What you have to do.
Print the listing in its entirety and exactly, leaving out images.

Given information.
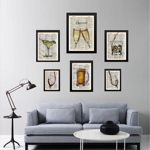 Composição 6 quadros vintage bar - bebidas diversas Moldura: madeira branca Informações do produto tire todas as suas dúvidas no descritivo abaixo: decoração para quarto, sala, cozinha, escritório, área gourmet e muito mais. Chega de paredes vazias medidas - kit composto por 6 quadros, sendo 2 quadros com medida 18x24cm, 3 quadros com 24x33cm e 1 quadro com medida 33x45cm. Material do papel - papel fotográfico brilhante de altíssima resolução acabamento - todos os quadros são acompanhados de uma película de acetato para proteção da imagem. - os quadros são embalados de forma segura com plástico bolha com camada dupla de acordo com o tamanho dos quadros. Garantia - garantia de 3 meses. Meu quadro chegou. Como posso fixá-lo Você precisa apenas de um martelo e um prego, pois os quadros já vão acompanhados de penduradores. Esta é a forma mais indicada. Caso prefira, você pode utilizar uma fita dupla face neste caso, sugerimos de alta qualidade para evitar que descole e seu quadro caia . Como posso limpar meu quadro A limpeza é feita como um móvel comum da sua casa. Apenas um pano seco ou espanador são suficientes para tal
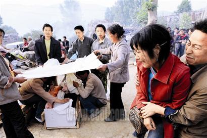 “我們已經(jīng)熬好一桶稀飯,你們快送給最需要的災(zāi)民吧!”昨日中午,驕陽似火,最大安置點之一的青川中學(xué)大門口,一輛長安面包車戛然而止,陳先文、陳先勇兩弟兄下車抬出一桶熱騰騰的稀飯,轉(zhuǎn)交給學(xué)校門口的工作人員!澳銈兪菑哪睦飦淼模熬了這么多的稀飯,災(zāi)民可需要。 备绺珀愊任摹昂俸佟毙α艘宦暎骸拔覀儚膹V元來,專門來給災(zāi)民熬稀飯!惫ぷ魅藛T急忙將稀飯?zhí)нM(jìn)學(xué)校操場,分給災(zāi)民。由于全縣水電氣都已經(jīng)中斷,傷員想喝一口稀飯是一件難事。喝著熱騰騰的稀飯,許多傷員眼淚就流下來了。陳先文、陳先勇兩弟兄來自137公里之外的廣元城里,做建材小買賣,“這次大地震,我們一大家人都沒一個人受傷,70多歲的老爹叫我們兩弟兄想辦法支援災(zāi)區(qū),回報社會。”這一提議得到全家人的贊同,都是普普通通的市民,咋個支援災(zāi)區(qū)呢?兩人跑了廣元城許多醫(yī)院,發(fā)現(xiàn)病人都喝不上稀飯。兩人商量到災(zāi)情最重的青川縣城,采購了1500斤大米,5個煤氣罐。
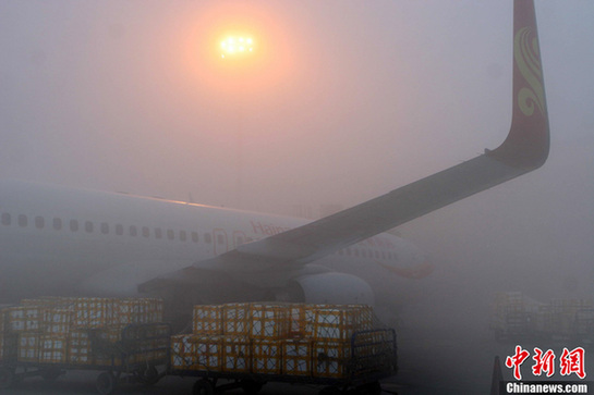 ????2月1日晨,一場大霧突襲成都平原,能見度最低時不足50米。成都雙流國際機場因大霧被迫關閉,造成大面積航班延誤或中途返航及備降其它機場,大量旅客被迫滯留機場。時值春運期間,這場大霧給雙流機場的客貨運輸帶來了極大的壓力。(中新社發 呂俊明 攝)
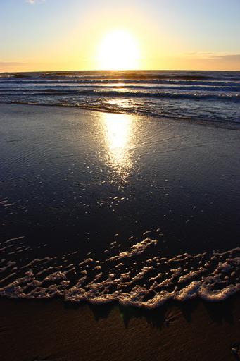 Keywords: cadzand-bad netherlands holland north sea beach summer july sky sun water landscape nature blue spacious distant sand rest wave atmospheric sunlight coast evening holiday sunset abendstimmung mirroring back light idyll mood romantic tracks in the sand

Result.
 Composição 6 quadros vintage bar - bebidas diversas Moldura: madeira branca Informações do produto tire todas as suas dúvidas no descritivo abaixo: decoração para quarto, sala, cozinha, escritório, área gourmet e muito mais. Chega de paredes vazias medidas - kit composto por 6 quadros, sendo 2 quadros com medida 18x24cm, 3 quadros com 24x33cm e 1 quadro com medida 33x45cm. Material do papel - papel fotográfico brilhante de altíssima resolução acabamento - todos os quadros são acompanhados de uma película de acetato para proteção da imagem. - os quadros são embalados de forma segura com plástico bolha com camada dupla de acordo com o tamanho dos quadros. Garantia - garantia de 3 meses. Meu quadro chegou. Como posso fixá-lo Você precisa apenas de um martelo e um prego, pois os quadros já vão acompanhados de penduradores. Esta é a forma mais indicada. Caso prefira, você pode utilizar uma fita dupla face neste caso, sugerimos de alta qualidade para evitar que descole e seu quadro caia . Como posso limpar meu quadro A limpeza é feita como um móvel comum da sua casa. Apenas um pano seco ou espanador são suficientes para tal
 “我們已經(jīng)熬好一桶稀飯,你們快送給最需要的災(zāi)民吧!”昨日中午,驕陽似火,最大安置點之一的青川中學(xué)大門口,一輛長安面包車戛然而止,陳先文、陳先勇兩弟兄下車抬出一桶熱騰騰的稀飯,轉(zhuǎn)交給學(xué)校門口的工作人員!澳銈兪菑哪睦飦淼模熬了這么多的稀飯,災(zāi)民可需要。 备绺珀愊任摹昂俸佟毙α艘宦暎骸拔覀儚膹V元來,專門來給災(zāi)民熬稀飯!惫ぷ魅藛T急忙將稀飯?zhí)нM(jìn)學(xué)校操場,分給災(zāi)民。由于全縣水電氣都已經(jīng)中斷,傷員想喝一口稀飯是一件難事。喝著熱騰騰的稀飯,許多傷員眼淚就流下來了。陳先文、陳先勇兩弟兄來自137公里之外的廣元城里,做建材小買賣,“這次大地震,我們一大家人都沒一個人受傷,70多歲的老爹叫我們兩弟兄想辦法支援災(zāi)區(qū),回報社會。”這一提議得到全家人的贊同,都是普普通通的市民,咋個支援災(zāi)區(qū)呢?兩人跑了廣元城許多醫(yī)院,發(fā)現(xiàn)病人都喝不上稀飯。兩人商量到災(zāi)情最重的青川縣城,采購了1500斤大米,5個煤氣罐。
 ????2月1日晨,一場大霧突襲成都平原,能見度最低時不足50米。成都雙流國際機場因大霧被迫關閉,造成大面積航班延誤或中途返航及備降其它機場,大量旅客被迫滯留機場。時值春運期間,這場大霧給雙流機場的客貨運輸帶來了極大的壓力。(中新社發 呂俊明 攝)
 Keywords: cadzand-bad netherlands holland north sea beach summer july sky sun water landscape nature blue spacious distant sand rest wave atmospheric sunlight coast evening holiday sunset abendstimmung mirroring back light idyll mood romantic tracks in the sand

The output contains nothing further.